§ **TASK TO COMPLETE**:
Reproduce the lines below exactly, from the one containing "Odkvitla dokonale, dnes" through the one containing "同時雷射精雕能完成更加複雜精緻的紋路,簍空效果也讓名片增添透視的趣味。", both included. Leave out any pictures.

-- Opening Marker --

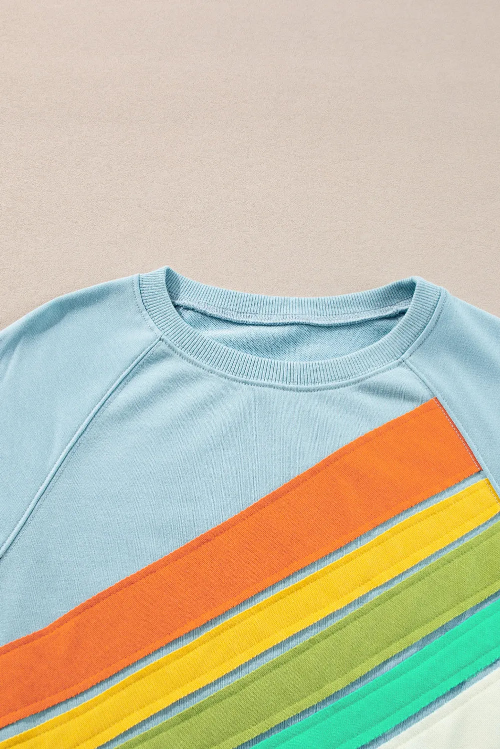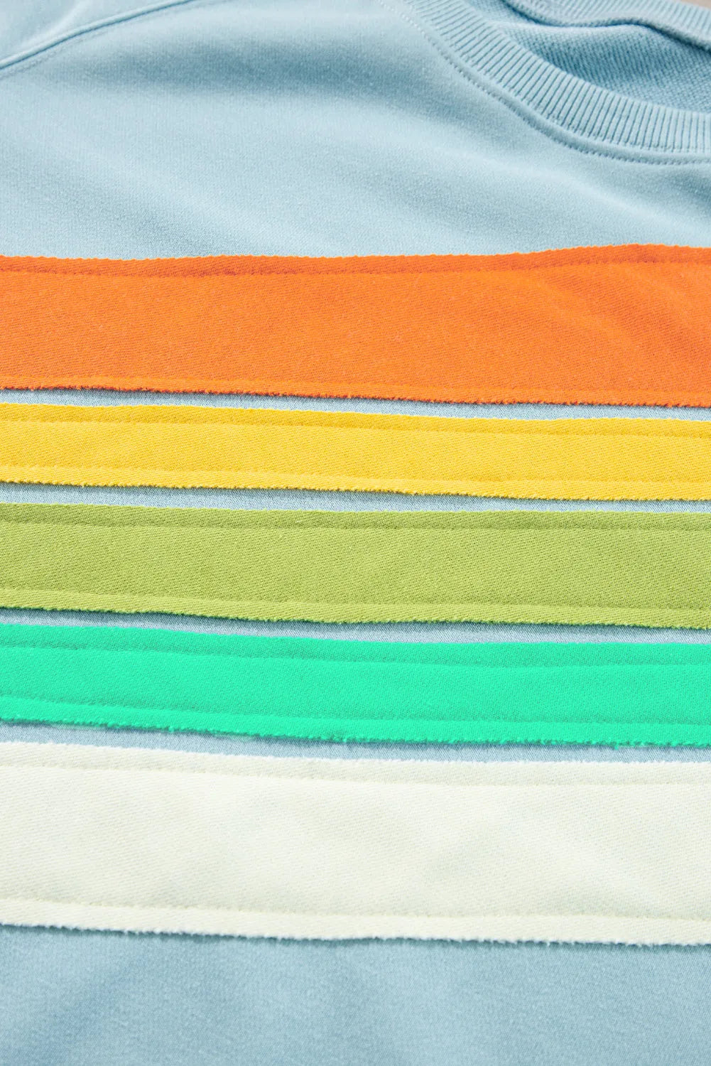 Beau Blue Rainbow Colorblock Striped Pullover Sweatshirt
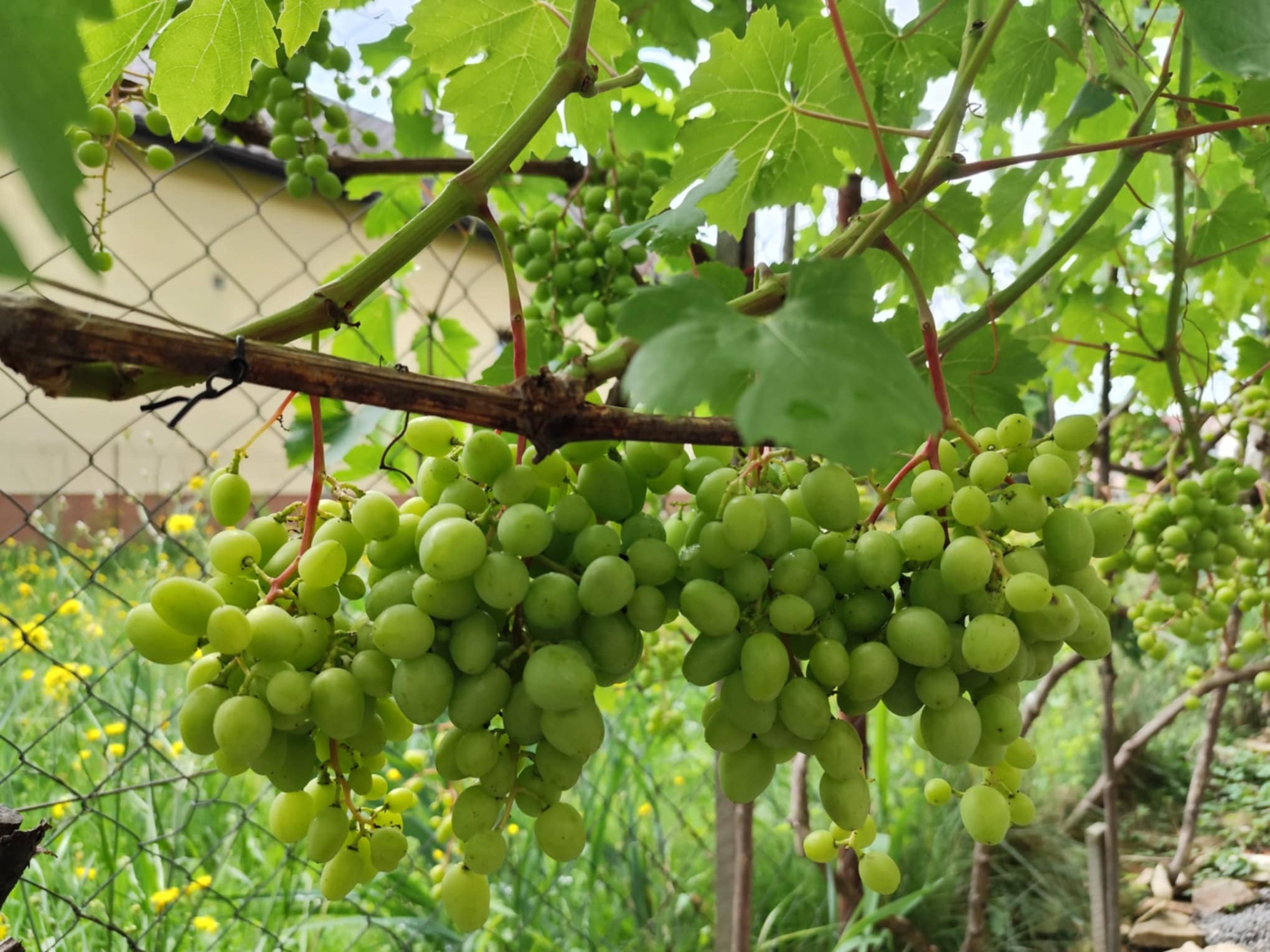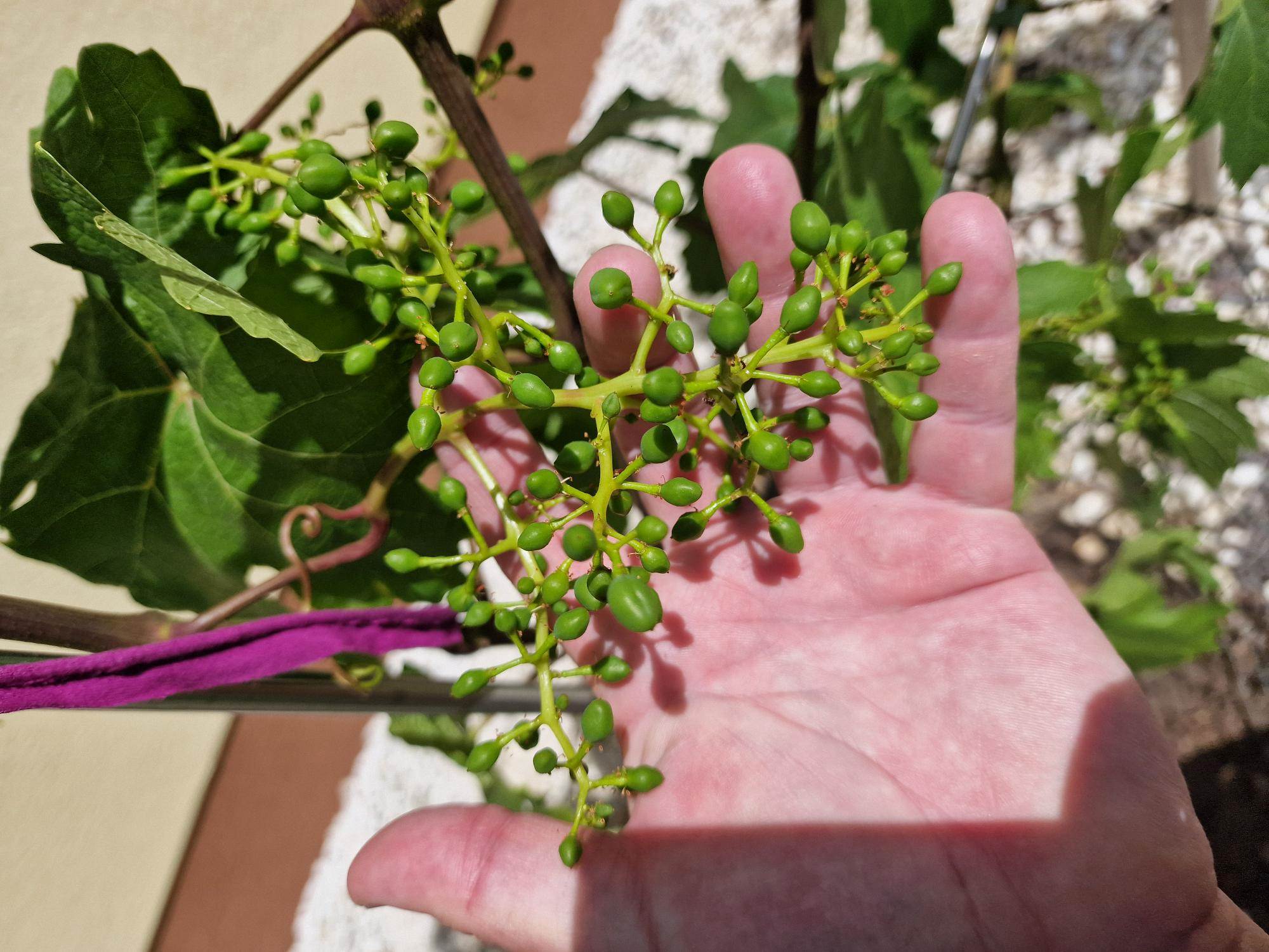 Odkvitla dokonale, dnes som zredukoval násadu z 3 strapcov na dva, čo pri 17 výhonoch znamená, že som nechal 34 strapcov z ktorých ak sa nič nestane bude tradičných cca 25 kg hrozna výbornej muškátovej chuti. Ak by bola bezsemenná a mala o niečo dlhšiu výdrž po dozretí, tak by bola úplne dokonalá.
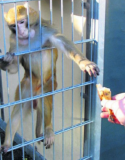 Beißen schon mal in die Hand, die sie füttert: Rhesusaffen bleiben auch in der Gefangenschaft unberechenbare Wildtiere.
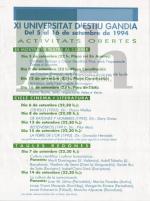 Fons: Material Gràfic Signatura: CB-0614/0000 Títol: "XI Universitat d'Estiu Gandia. Activitats Obertes" Data: 1994 |
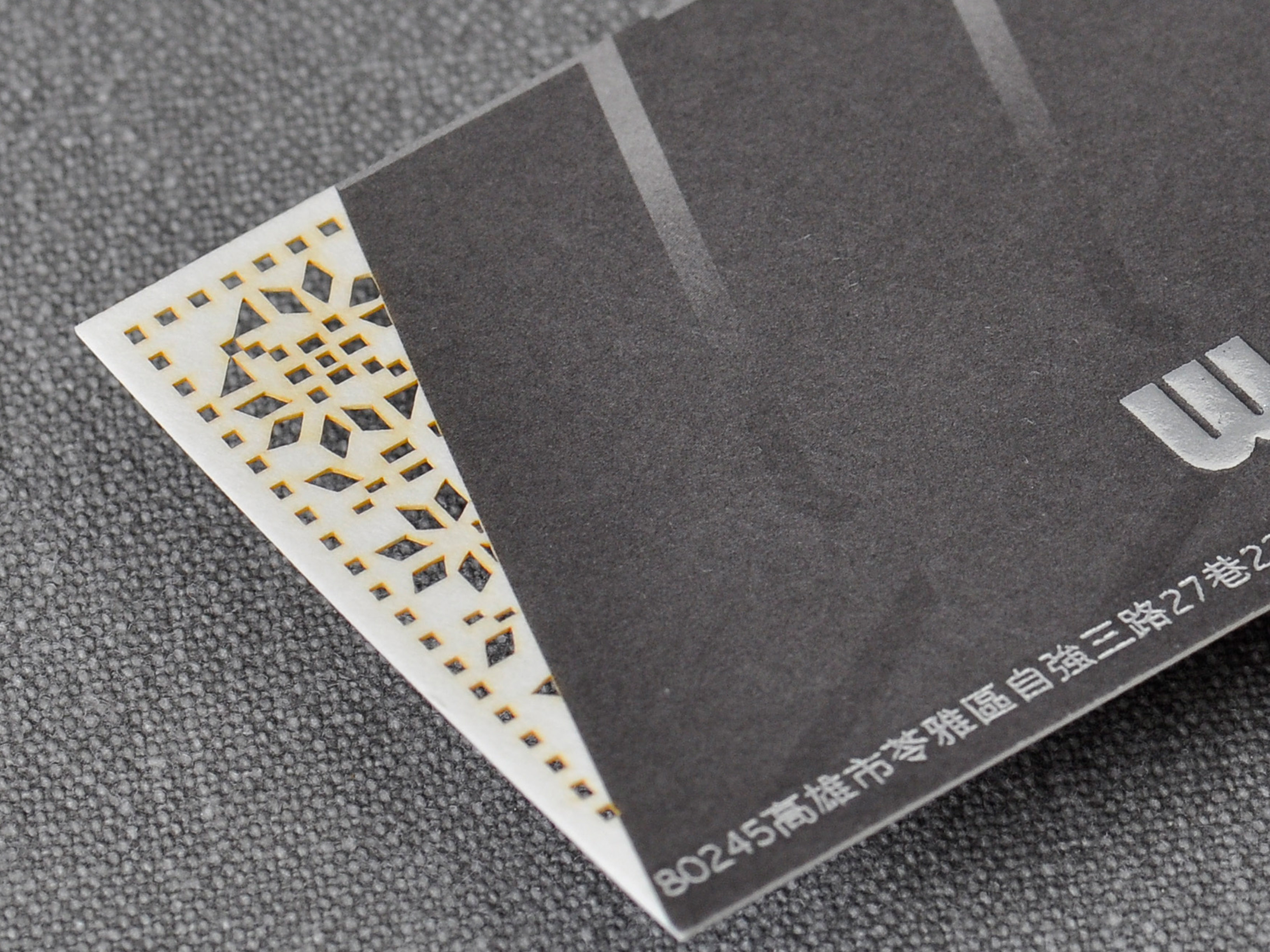 同時雷射精雕能完成更加複雜精緻的紋路,簍空效果也讓名片增添透視的趣味。
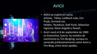 El documento presenta información breve sobre cinco artistas de música electrónica: Avicii, Nicky Romero, Hardwell, Showtek y NachoPelaez. Se proporcionan detalles sobre sus influencias musicales, lugar y fecha de nacimiento, descubrimiento de la música a temprana edad y éxito en la industria para Avicii, Nicky Romero y Hardwell. Para Showtek se indica que es un dúo holandés de hard dance formado por los hermanos Sjoerd y Wouter Janssen y que han tenido influencia en la
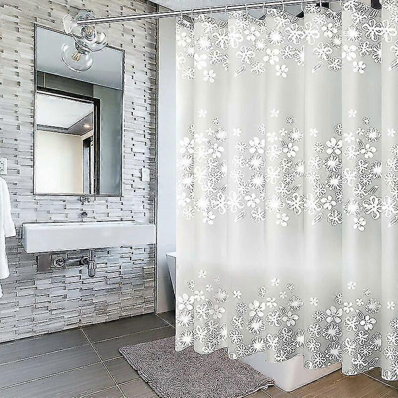 The shower curtain is made of PEVA material, which is 100% waterproof and keeps the floor splash-proof.
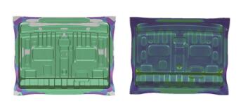 行李厢隔板(图3),在起初的设计中,材质为DC04/0.65mm。通过AutoForm仿真分析,利用DC03/0.65mm的材质进行替换分析,其最大减薄率为18%,无开裂的风险,满足零件成形分析要求的安全裕度,该零件可由DC04/0.65mm替换为DC03/0.65mm。该零件的材料利用率为63.09%,消耗定额(毛坯重量)为4.55kg。按照市场参考价格DC04与DC03每吨差价200元。那么通过降牌号的方案,该零件单车节省的材料成本=消耗定额×0.2元/kg=0.9元/台。如果按照年产10万辆计算,每年可节约材料费9万。

-- Closing Marker --

§ **RESPONSE BELOW**:
 Odkvitla dokonale, dnes som zredukoval násadu z 3 strapcov na dva, čo pri 17 výhonoch znamená, že som nechal 34 strapcov z ktorých ak sa nič nestane bude tradičných cca 25 kg hrozna výbornej muškátovej chuti. Ak by bola bezsemenná a mala o niečo dlhšiu výdrž po dozretí, tak by bola úplne dokonalá.
 Beißen schon mal in die Hand, die sie füttert: Rhesusaffen bleiben auch in der Gefangenschaft unberechenbare Wildtiere.
 Fons: Material Gràfic Signatura: CB-0614/0000 Títol: "XI Universitat d'Estiu Gandia. Activitats Obertes" Data: 1994 |
 同時雷射精雕能完成更加複雜精緻的紋路,簍空效果也讓名片增添透視的趣味。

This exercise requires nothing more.